Dataset excerpt>

--*--

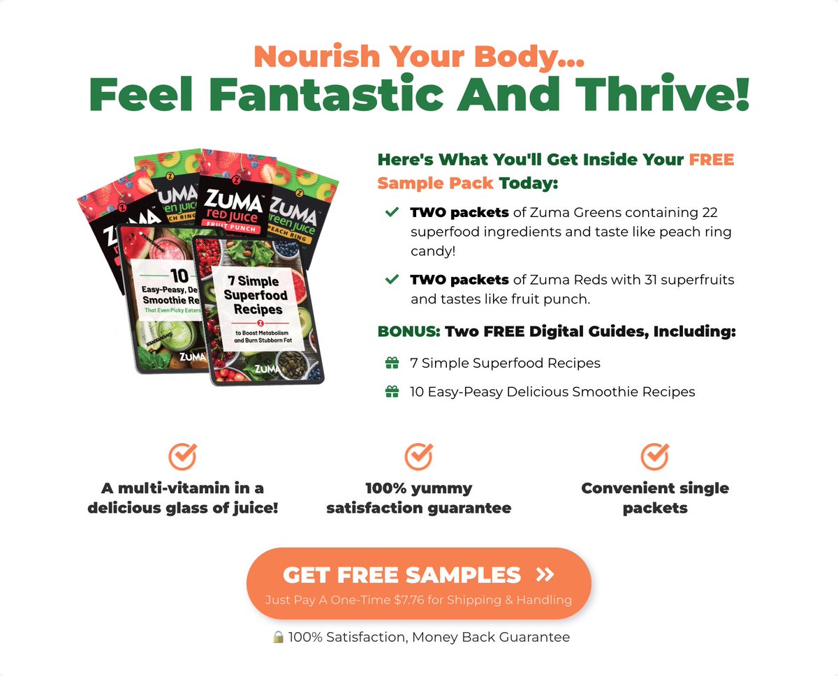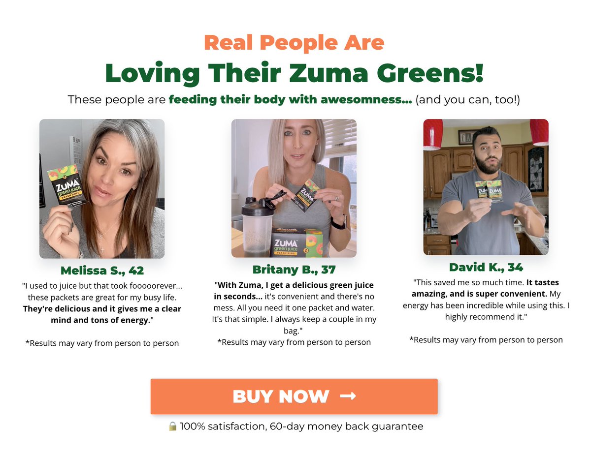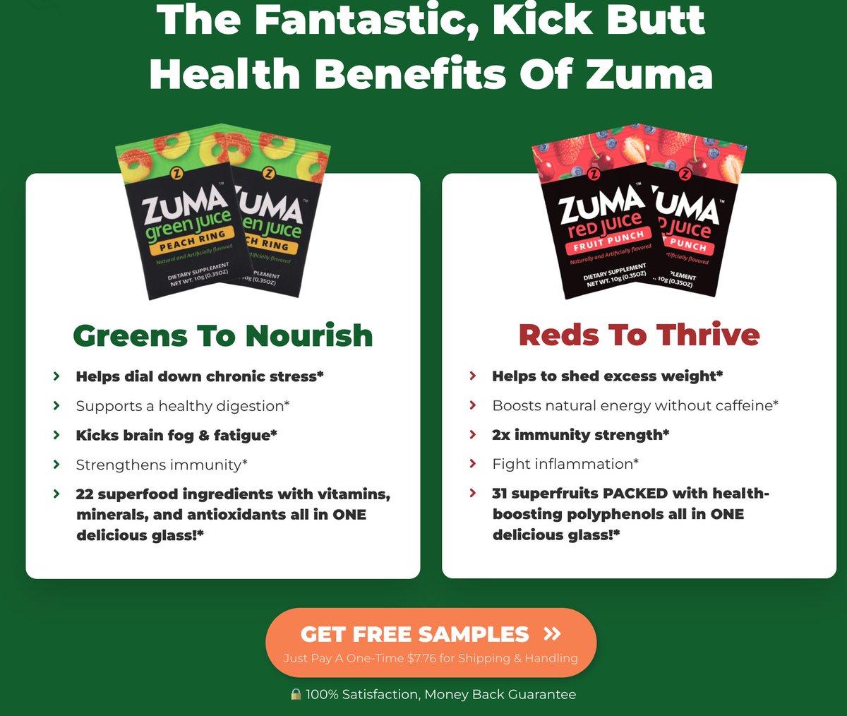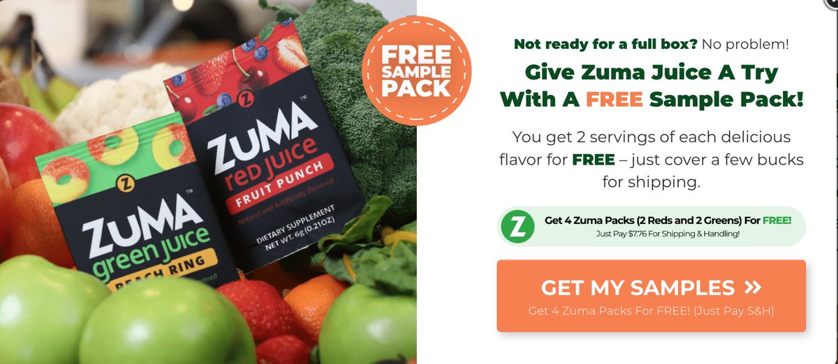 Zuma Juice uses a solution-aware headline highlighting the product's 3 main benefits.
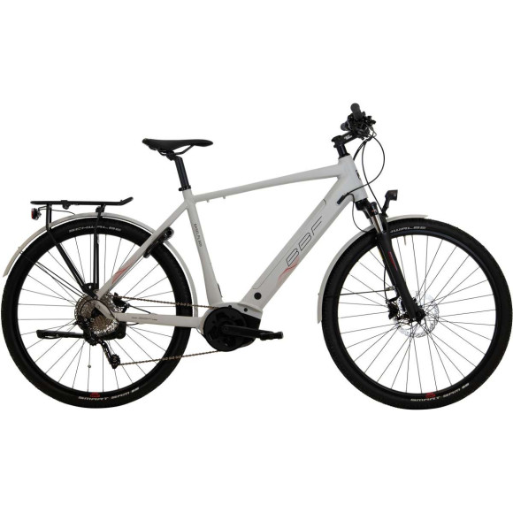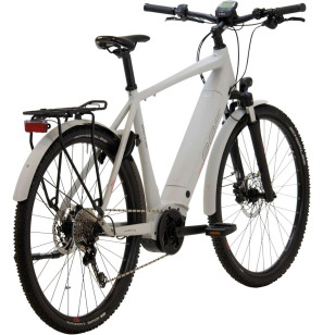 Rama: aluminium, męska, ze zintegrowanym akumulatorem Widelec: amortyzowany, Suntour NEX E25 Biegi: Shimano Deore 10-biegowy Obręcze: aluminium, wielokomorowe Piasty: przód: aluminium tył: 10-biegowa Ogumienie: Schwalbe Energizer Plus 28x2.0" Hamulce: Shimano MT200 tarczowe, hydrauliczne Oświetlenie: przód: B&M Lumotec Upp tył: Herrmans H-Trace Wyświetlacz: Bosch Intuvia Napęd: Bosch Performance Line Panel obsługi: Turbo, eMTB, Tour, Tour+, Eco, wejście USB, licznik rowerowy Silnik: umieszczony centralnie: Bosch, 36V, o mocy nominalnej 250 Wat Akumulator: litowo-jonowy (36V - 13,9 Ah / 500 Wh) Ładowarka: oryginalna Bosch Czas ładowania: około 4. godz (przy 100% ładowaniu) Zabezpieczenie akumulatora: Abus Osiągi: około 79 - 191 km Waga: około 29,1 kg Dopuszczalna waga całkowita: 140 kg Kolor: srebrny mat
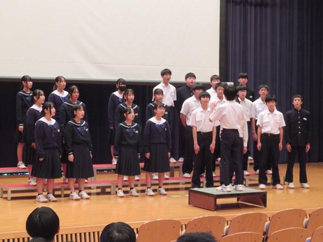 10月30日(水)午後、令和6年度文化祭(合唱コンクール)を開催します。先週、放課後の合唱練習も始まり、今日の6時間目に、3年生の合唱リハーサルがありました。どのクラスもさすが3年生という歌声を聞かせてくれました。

--*--

Word for word, restate the whole listing and drop the images.

 Zuma Juice uses a solution-aware headline highlighting the product's 3 main benefits.
 Rama: aluminium, męska, ze zintegrowanym akumulatorem Widelec: amortyzowany, Suntour NEX E25 Biegi: Shimano Deore 10-biegowy Obręcze: aluminium, wielokomorowe Piasty: przód: aluminium tył: 10-biegowa Ogumienie: Schwalbe Energizer Plus 28x2.0" Hamulce: Shimano MT200 tarczowe, hydrauliczne Oświetlenie: przód: B&M Lumotec Upp tył: Herrmans H-Trace Wyświetlacz: Bosch Intuvia Napęd: Bosch Performance Line Panel obsługi: Turbo, eMTB, Tour, Tour+, Eco, wejście USB, licznik rowerowy Silnik: umieszczony centralnie: Bosch, 36V, o mocy nominalnej 250 Wat Akumulator: litowo-jonowy (36V - 13,9 Ah / 500 Wh) Ładowarka: oryginalna Bosch Czas ładowania: około 4. godz (przy 100% ładowaniu) Zabezpieczenie akumulatora: Abus Osiągi: około 79 - 191 km Waga: około 29,1 kg Dopuszczalna waga całkowita: 140 kg Kolor: srebrny mat
 10月30日(水)午後、令和6年度文化祭(合唱コンクール)を開催します。先週、放課後の合唱練習も始まり、今日の6時間目に、3年生の合唱リハーサルがありました。どのクラスもさすが3年生という歌声を聞かせてくれました。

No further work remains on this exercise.